Penn alums who return to campus often marvel at its transformation. Renovation projects have rejuvenated buildings like Fisher-Bennett Hall, the home of the English department and the Cinema Studies Program and one of the main teaching spaces on campus. The Perelman Center for Political Science and Economics, which opened last year, is a major hub for the social sciences. And the construction of the Carolyn Lynch Laboratory and the Stephen A. Levin Building have advanced the life sciences. Of the 26 buildings that house the people, programs and departments that make up Penn Arts & Sciences, nine are either less than 15 years old or have undergone major renovations in that time.

vintage photo of the facade of the David Rittenhouse Laboratory, two people seated on low wall in front of building.

One place that has remained the same in the midst of all this change is the 65-year-old David Rittenhouse Laboratory (DRL). Since 1954, the Math department, along with Physics and Astronomy, has been housed here, at the southeast corner of 33rd and Walnut Streets. Built in two phases, DRL takes up 243,002 square feet and stretches for a city block. It contains the offices and labs of 86 standing faculty, as well as grad students and post-doctoral fellows, and it provides 20 classrooms used by departments across the School.

While the building itself might resemble a 1950s high school, the departments in it have a history of groundbreaking contributions to their fields. But a building with history is also a building that was not designed for today’s science. DRL is the legacy of an era when government partnered closely with higher education and invested heavily in facilities.

Today, the National Science Foundation, the Department of Defense, foundations, and industry continue to fund individual research studies, and in some cases major scientific equipment.
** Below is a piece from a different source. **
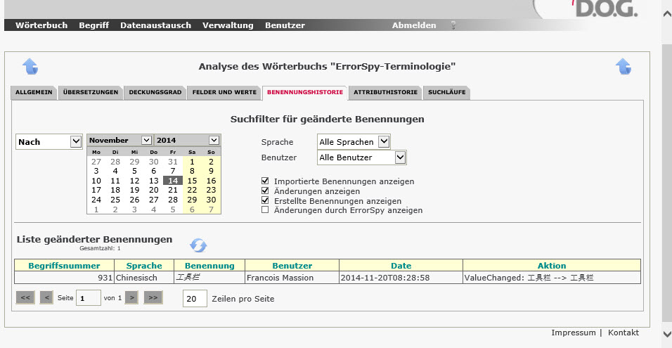 Hier können Sie gezielt nach Änderungen der Benennungen suchen.

But government support for buildings themselves is now greatly reduced, and universities must find other ways to provide the modern facilities that can attract talented faculty and the graduate students that are the lifeblood of a good science department, to make possible cutting-edge research, and to facilitate excellence in teaching in the sciences.

“Penn had really built nothing since the Depression set in,” says history of art’s David Brownlee, coauthor of “Building America’s First University: An Historical and Architectural Guide to the University of Pennsylvania.” “The DRL showed a reinvestment in West Philadelphia and an engagement with the new scientific mandates of the late 20th century. And it’s our first building that really looks like a modern building.”